Habrá quien argumente que para que eso sea efectivo debemos limitar el sexo para los asuntos de reproducción. A ellos les digo que los chilaquiles, el sumo de naranja, las gorditas de nata y el bistec en salsa verde, están prohibidos; pues el camino para subsistir es alimentarnos de las vitaminas y nutrientes necesarios que bien pueden estar contenidos en 200 gramos de carne, dos zanahorias, un poco de levadura y un chingo de espinacas. Que debemos dormir apenas unas horas al día y que cualquier siesta, cualquier dona de chocolate o cualquier chaqueta (mental o física) están prohibidas. Todo porque nos estamos limitando a aquella función en particular para la cual existe cada una de nuestras cualidades para sobrevivir como especie.
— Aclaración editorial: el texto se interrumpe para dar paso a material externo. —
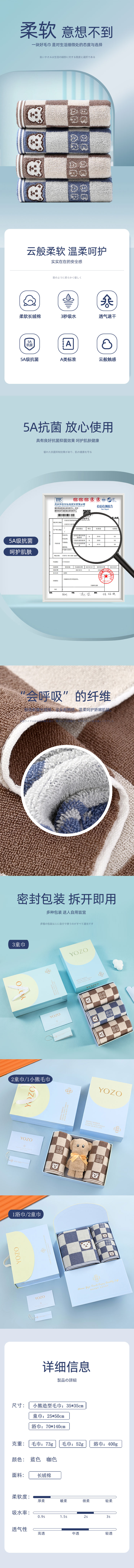 商品名称:优竹世家YOZO新疆长绒棉5A抗菌A类毛巾2条精梳绒小熊毛巾1条组合套装--本色熊-2 混色

Así es como la coreana, que se agachó a anudar sus agujetas, nos daba una lección: Hacer una cosa a la vez, depositar su café en el suelo antes de anudarlas. La anciana: Que cuando te preocupes, lo hagas antes del accidente y no cuando ya se está evitando o, peor aún, cuando ya sucedió. El niño nos enseña, en este pasaje, que no importa lo que hagas, tú mamá siempre se va a enterar. La mamá nos enseña que no importa qué tan caliente estés, cuida tus cosas y a tu familia. El padrastro nos enseña que cuando la hembra se distrae, lo mejor es guardar silencio y esperar. Cualquier movimiento en falso puede poner en riesgo la noche de placer (a leguas se veía que bajando del avión tendrían sexo, lo que no sé es si esperarían a que el niño se durmiera o si en el mismo avión lo harían). Y del joven aprendí que si no puedes con el primero, con el segundo será una aventura. Y que en cuestiones de seguridad, al aeropuerto le falta mucho. Esperemos su respuesta al respecto de las 3 solicitudes que le hice: Máquinas despachadoras de condones, cuartos para contraer nupcias sexuales y una tarjeta de puntos para acumular, porque seguramente estos cuartos y estos condones, como vulgarmente se dice por ahí, no se van a pagar solos, y un plan de puntos puede resultar beneficioso para los usuarios.